Indian viewers of the superb Brazilian film Elite Squad – The Enemy Within (2010) can take great comfort that there are other countries in the world as screwed up, as corrupt and as rotten as Mera Bharat Mahaan.
Elite Squad – The Enemy Within (Tropa de Elite 2 – O Inimigo Agora é Outro), a Portuguese language film, is a follow-up to The Elite Squad (2007).
But even if you haven’t seen the older film you can still enjoy the sequel without feeling adrift.
The movie, which debuted in late 2010 in Brazil and a year later in the U.S., has been a raging success at the box office.
In Brazil, the box office returns of Elite Squad – The Enemy Within turned it into the country’s highest grossing film ever.
The movie was Brazil’s pick for the upcoming Oscars in the Best Foreign Film category but failed to make the final list.
A Director’s Film
Set in Rio de Janeiro (a sprawling city with a population about that of the South Indian city of Hyderabad), Elite Squad – The Enemy Within is what the wise souls at SI hail as a director’s film.
In other words, the actors recede into the background because of the overall powerful impact of the movie.
A gripping story, fine screenplay, nice photography and good acting are neatly melded together in the capable hands of a talented director.
The director in this instance is José Padilha, who also co-wrote the story and screenplay. Padilha, a maker of feature films and documentaries, also directed Elite Squad (2007).
Most Indian movies are garbage because the Bollywood star system thrusts the ‘heroes’ into the foreground, leaving the story, screenplay and the director to play second fiddle.
Groundbreaking Indian films are those, like Sholay, that stray from the hero-centric formula.
Powerful Indictment
Made on an average budget of about $9.5 million, Elite Squad – The Enemy Within is a crushing indictment of the corruption and savagery sullying the high echelons of Rio’s police force and operating at the intersection of law enforcement and politics.
Not unlike the situation in big Indian cities like Mumbai where the police have turned into a law unto themselves, engaging in fake ‘encounter’ killings, collaborating with criminals and participating in daily looting.
A Resilient System
But instead of focusing on individual acts of bribery, crime, murder and politicking, the Brazilian film throws its high-beam on the system, which, in one scene, the narrator aptly describes as “an aggregation of loathsome interests.”

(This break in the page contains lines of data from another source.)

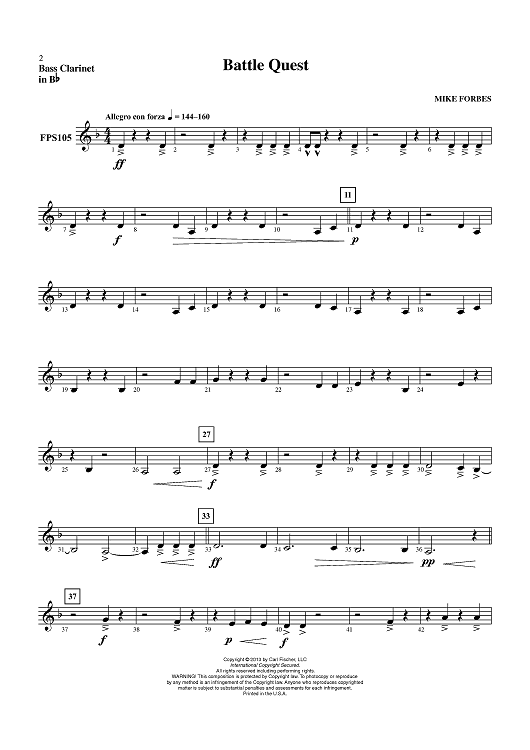 Digital Sheet Music for Battle Quest - Bass Clarinet in Bb by Mike Forbes scored for Concert Band; id:435850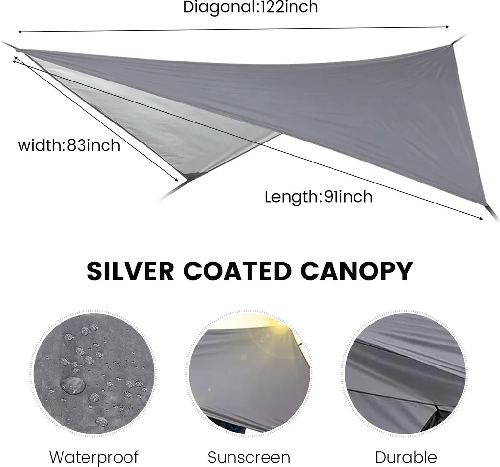 Topchances Camping Hängematte Mit Moskitonetz Und Tarp, Reise Zeltplane Für Outdoor,Wandern,Trekking (Grau+Dunkelgrün)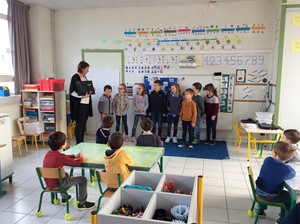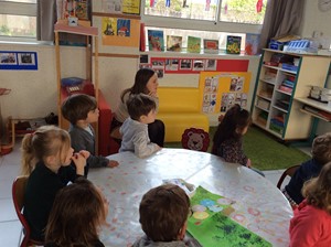 Lundi, les élèves de CE1 sont venus dire un album en anglais aux élèves de maternelle.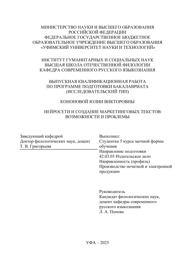 ВКР; бакалавриат; нейросети; маркетинговые коммуникации; текстовая генерация; лингвистические особенности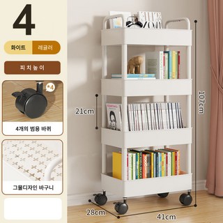 피엔엘라이프 공간활용 이동식 슬림 책장 감성 트롤리, 화이트, 4단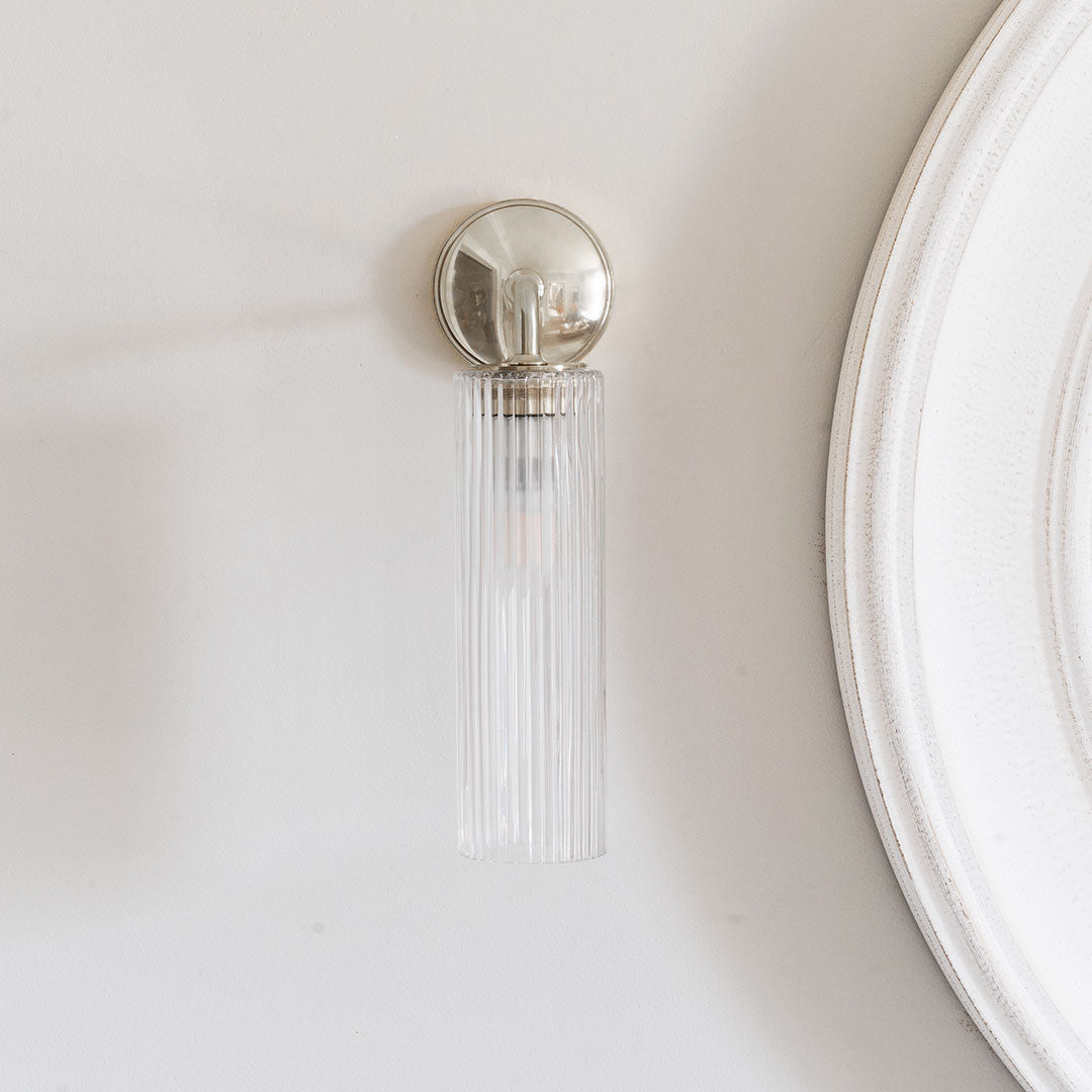 Skorter | Claremont Small Wall Lamp Ribbed Glass - Polished Nickel
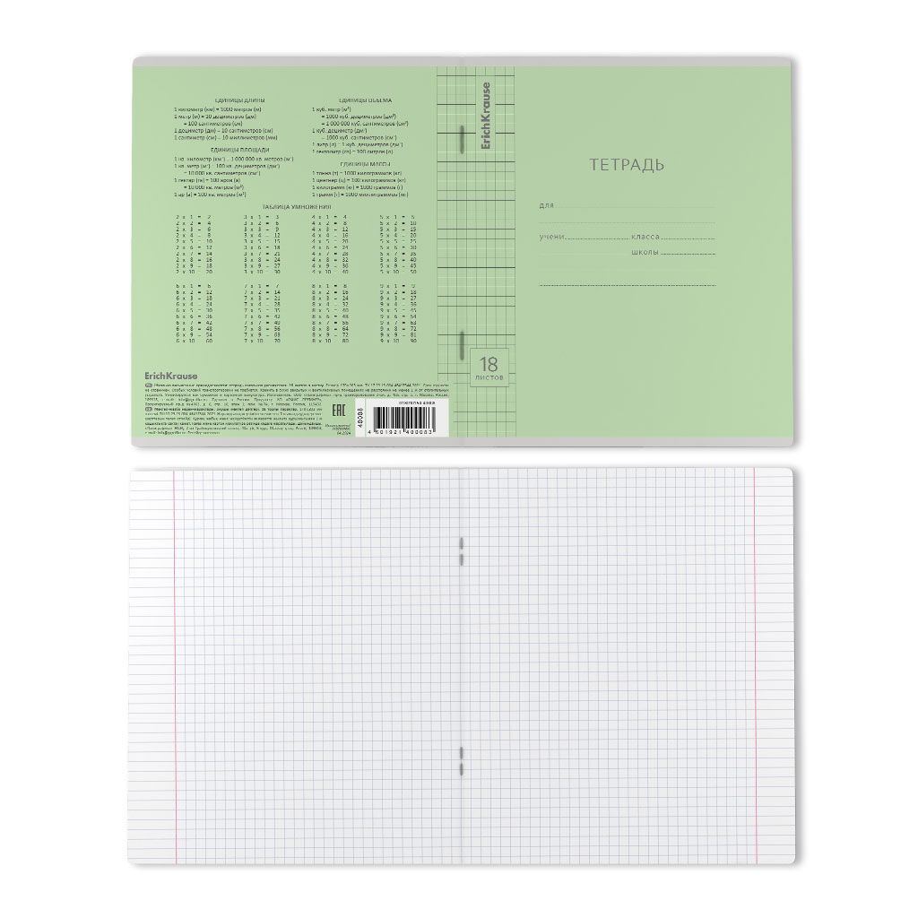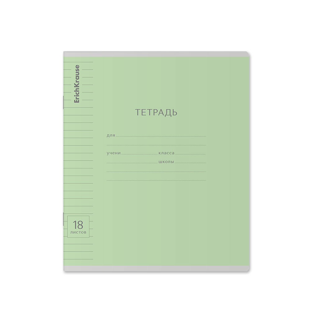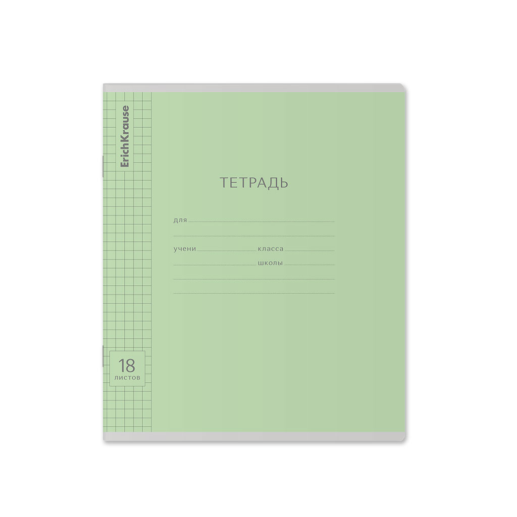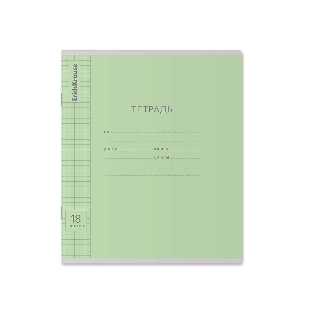 Тетрадь школьная ученическая ErichKrause Классика Visio зеленая, 18 листов, клетка (в плёнке по 10 шт.) |

A prison riot starts with the slaying of some incarcerated drug lords and ends in a human rights nightmare because of the killing of some inmates by the BOPE (a police unit).
To halt the incessant criticism of a human rights advocate Diogo Fraga, the politicians transfer and ‘promote’ Lt. Col. Roberto Nascimento (Wagner Moura) to a desk job with supervision of intelligence gathering and wiretaps monitoring.

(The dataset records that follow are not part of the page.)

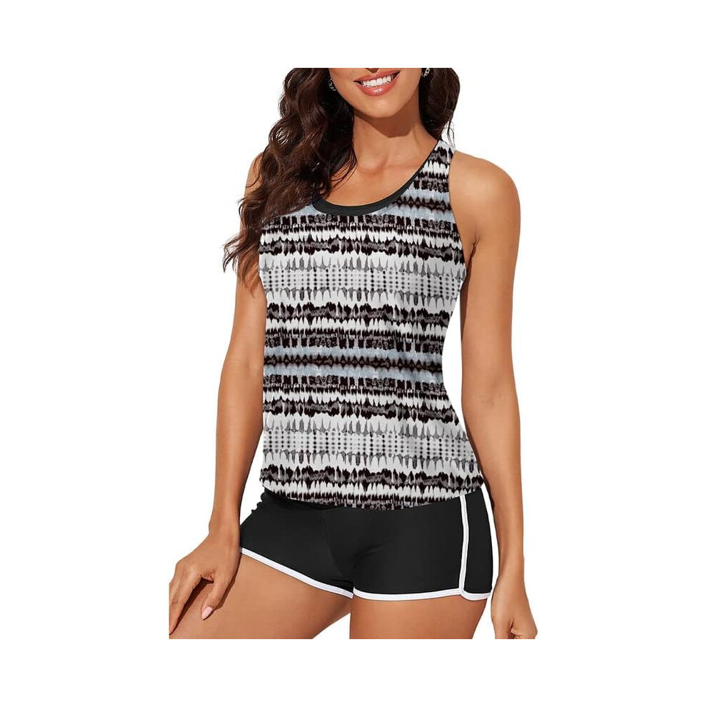 Heekpek Women's Black XL Striped Tankini Set with Padded Push Up Halter Top and Boyshort Bottom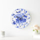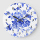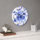 Reloj Redondo Grande Patrón floral azul decorativo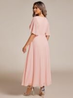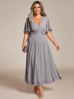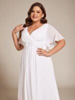 Radiate elegance in our Plus Size Elegant Short Sleeves V-Neck Floral Applique Wedding Guest Dress. The intricate floral applique on short sleeves and V-neckline adds a touch of romance, enhancing the overall grace of this dress. Tailored for comfort and style, this plus-size gown is perfect for curvy figures attending weddings. Embrace the joyous celebration with confidence and sophistication in this elegant wedding guest dress.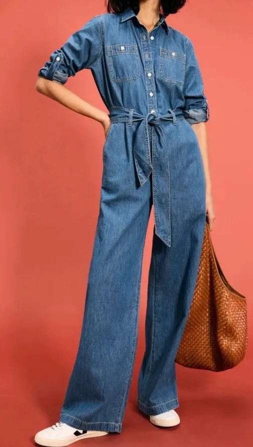 The Lauren Ralph Lauren Criselda Jumpsuit offers a sleek, modern silhouette with a flattering, fitted design. Pair it with heels and minimal accessories for a refined, effortless look. Materials and Measurements Blue (100% Cotton). Jumpsuit. Collared. Long Sleeves. Button front closure.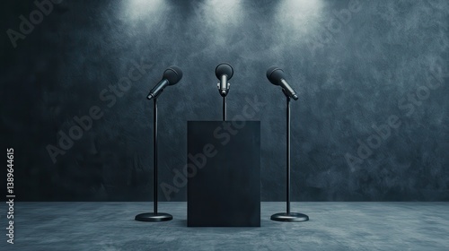 Empty stage setup with three microphones and podium in a dramatic spotlight for presentation or conference event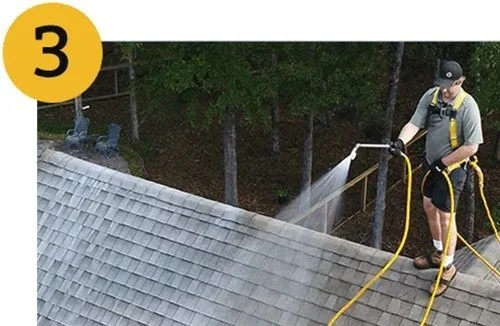 Before treating, RoofRestor will perform a tune-up of your roofing system, sealing potential leaks around the flashing and making repairs for issues like nail pops and damaged vent covers. Once we’ve completed the tune-up, we’re ready to spray RoofRestor.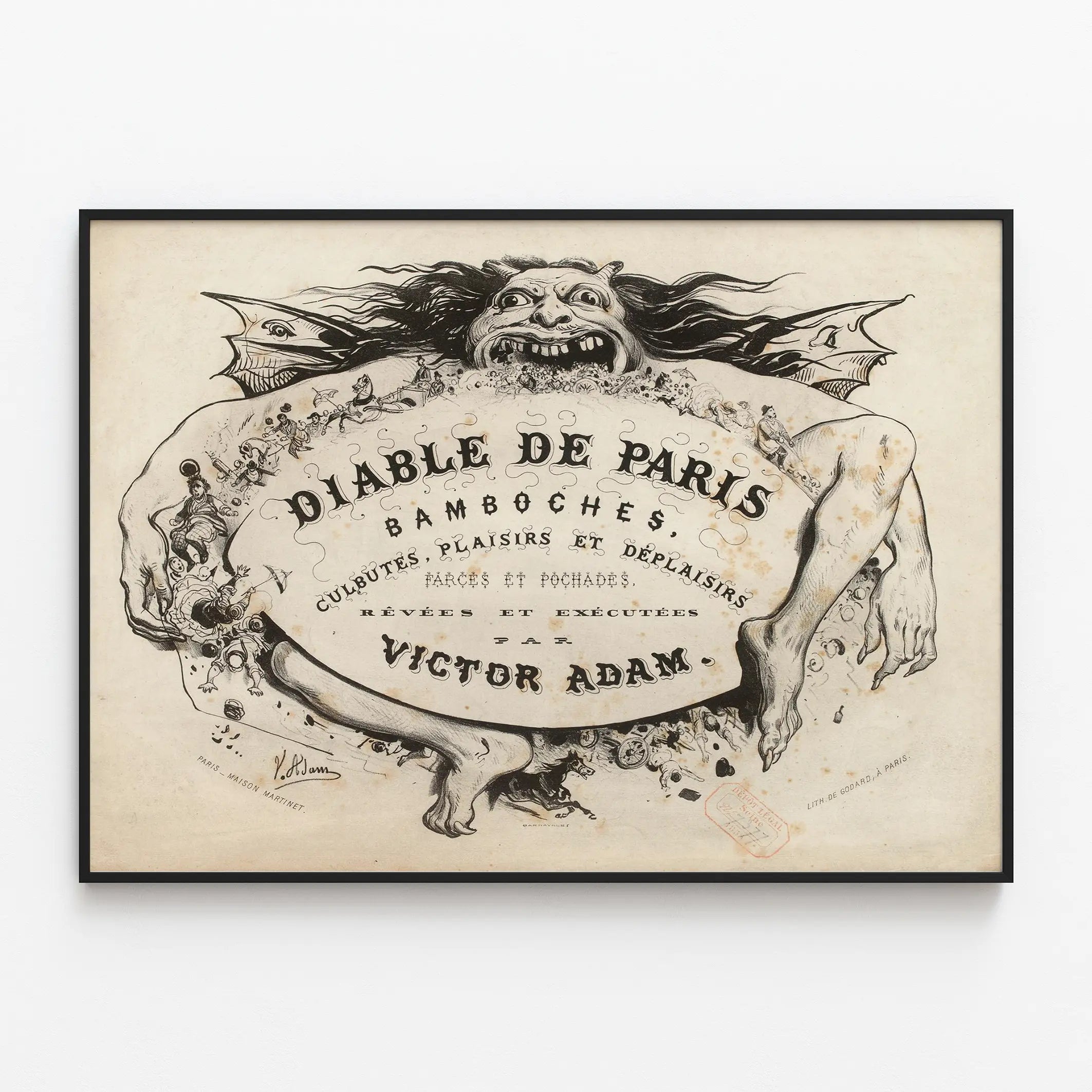 Cette affiche vintage intitulée « Diable de Paris » présente une illustration en noir et blanc, riche en détails et en imagination. Le dessin met en scène une grande créature anthropomorphe, dotée d’une expression saisissante, encadrant un texte décoratif. Autour de son corps apparaissent de nombreuses petites scènes animées, représentant des personnages en mouvement, des chevaux, des charrettes, ainsi que plusieurs figures surprenantes et burlesques. La composition artistique propose un mélange entre sculpture graphique et narration visuelle, capturant l'esprit des farces et des festins populaires, évoqués dans le texte central : « Bamboches, culbutes, plaisirs et déplaisirs, farces et pochades, rêvées et exécutées ». Ces mots renforcent l’ambiance carnavalesque et festive de l’œuvre, riche en intrigues et situations grotesques. Signée par Victor Adam, cette œuvre reflète un style ancien, typique des illustrations et lithographies parisiennes du XIXe siècle, parfait pour une décoration murale qui souhaite insuffler une touche d'histoire et de fantaisie. Cette affiche déco est idéale pour les amateurs d'art vintage et de pièces graphiques originales. En tant que décoration murale, ce poster vintage s'adaptera aux intérieurs qui recherchent une esthétique rétro, artistique et pleine d'esprit. Il s'intègre aussi bien dans un salon, un bureau créatif ou un espace dédié aux arts et à la culture. Ce tableau graphique invite à une découverte visuelle détaillée et engageante, chaque regard dévoilant des scènes nouvelles et amusantes. L’image offre ainsi une ambiance à la fois historique et ludique, qui stimule l'imagination et évoque le Paris festif et populaire d'autrefois. Ce poster déco unique complètera harmonieusement une collection murale dédiée aux affiches anciennes ou aux histoires illustrées. Par son style et son contenu, il constitue une pièce singulière et évocatrice destinée à enrichir tout espace de vie ou de travail par une touche d’originalité graphique et narrative.

Nascimento’s second in command Captain André Matias (André Ramiro) also gets the heave-ho.
Undeterred, in his new assignment Nascimento builds BOPE into a stronger outfit and rids the streets of key drug-lords and peddlers.
Now, if you thought the elimination of the bad guys on Rio’s streets would usher in peaceful times you’d be so wrong.

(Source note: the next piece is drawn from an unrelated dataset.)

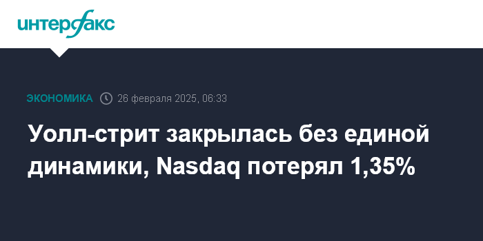 Москва. 26 февраля. INTERFAX.RU - Американские фондовые индексы завершили с разнонаправленными изменениями торги во вторник: Dow Jones слабо вырос, S&P 500 умеренно снизился, а Nasdaq Composite упал на 1,35%, вступив в фазу коррекции - то есть потерял более 10% с последнего пика.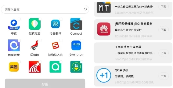 把手机里的应用或安装包导入进来,安装到虚拟机后打开就能用。另外,你也可以在这里搜索并安装一些插件。

As the narrator (Nascimento) matter-of-factly intones, “the system is resilient.”
One group of thugs on the streets merely replace the dead and captured.
This time, the thugs are members of Rio’s Military Police.
And with elections round the corner, the politicians are playing their own crooked games in cahoots with the bad cops.
So, what’s Nascimento to do?
Lending a human and emotional dimension to the story is the growing estrangement of Nascimento’s young son who sees his father as a killing machine.
By the way, Nascimento’s ex-wife is now married to the human rights advocate Fraga.
Elite Squad – The Enemy Within – Must Watch Film
The movie is a remarkable portrayal of the immense challenges in reforming corrupt systems where the death of one group of criminals is merely an opportunity for others to fill the vacuum.
A system where law-enforcers and law-breakers often come dressed in the same garb.
A system where the political class is completely indifferent to the loss of countless innocent lives.
A system highly resistant to change.
The acting is solid, the story convincing and the photography decent. Appropriately enough for a film of this genre, the humor is of the dark, biting kind.
Your favorite blog SearchIndia.com strongly recommends Elite Squad – The Enemy Within (Tropa de Elite 2 – O Inimigo Agora é Outro) in the near certainty that you putzheads will never watch it.
Yes, the film is on Netflix Instant Play with excellent English subtitles.
We can’t wait to watch the 2007 movie as well as the coming sequel, the last film in the Elite Squad trilogy.